About eight to 10 bicyclists a month use the taxi because bikes are prohibited on the bridge and for good reason—there’s no shoulder. Here’s my problem with the taxi: I’m not riding an ordinary bicycle. Before I left NYC I called Kent Island Express and found out they had a van to accommodate Countri Bike.

That morning I called to give them a head’s up that I’d need the van in a few hours to make the crossing.

“How quickly can you get here?” said the dispatcher. “The van is going to the shop at 1 PM.”

My legs seized up. It’s 10:30 AM and I’m sitting on the curb outside Trevor’s apartment digging into snacks his wife prepared for me for the road. There’s no way I can make it there that quickly. I explain the situation to the dispatcher and stress just how beastly this bike is. I can’t sustain more than 9 miles per hour.

“OK, what if I pick you up at the Queenstown Premium Outlets?”

That shaves off enough mileage to might actually work. Google Maps calculates my arrival at 12:49. I have no choice but to hustle.

Bringing my beast to the bridge
The back roads are beautiful and mind-calming.
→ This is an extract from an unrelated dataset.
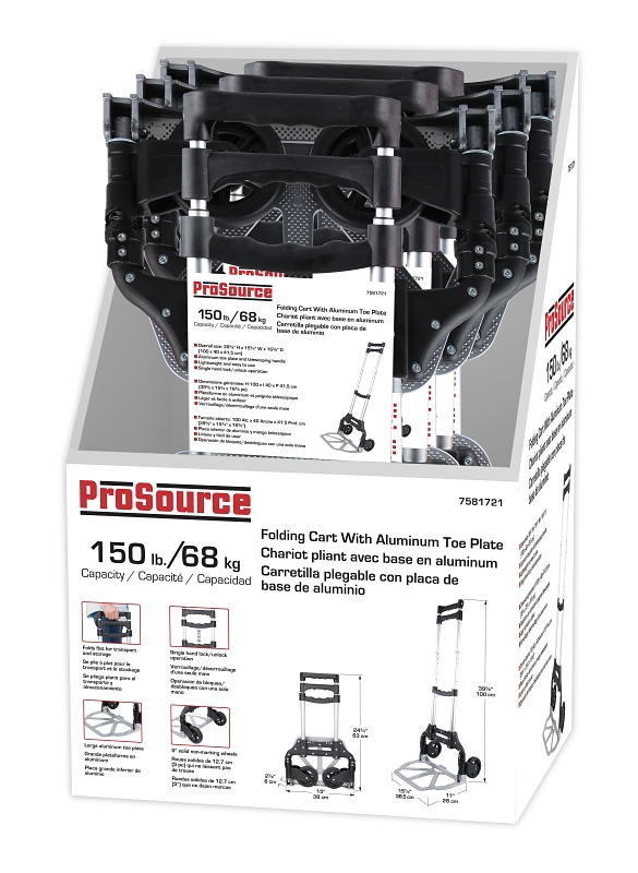 Home > Hand Tools > Safety and Organization > Tool Storage and Organization > Tool Carts > ProSource 85-611-A Cart, 150 lbs, 15-1/8 in L Platform, 11 in W Platform, 2-Wheel, Aluminum

The landscape looks like my day plodding across Delaware. I pass through Ridgely, MD and pause to look at the caboose parked on the old tracks of the Delaware & Chesapeake Railroad. Completed in 1867, the railroad through Ridgely peaked with four passenger and four freight trains. The automobile made it obsolete in the 1920s. The line ended passenger service in 1949 and freight service in 1976. At this particular moment, I was the only thing moving through town.

The sun was bright and the sky was blue, but time was ticking. Such pressure far exceeded the restrictive 45-minute Citi Bike rental limit back home. If I didn’t arrive at the outlets by 1 PM I was going to have to hitch a ride or sleep in the parking lot, which I’m sure mall security would not find amusing.

Just Do It
I stayed on back roads for as long as I could, eventually turning onto fast-moving Route 50 for the final two miles. This was the second most nerve-wracking road of the trip (Route 30 through West Atlantic City was still worse).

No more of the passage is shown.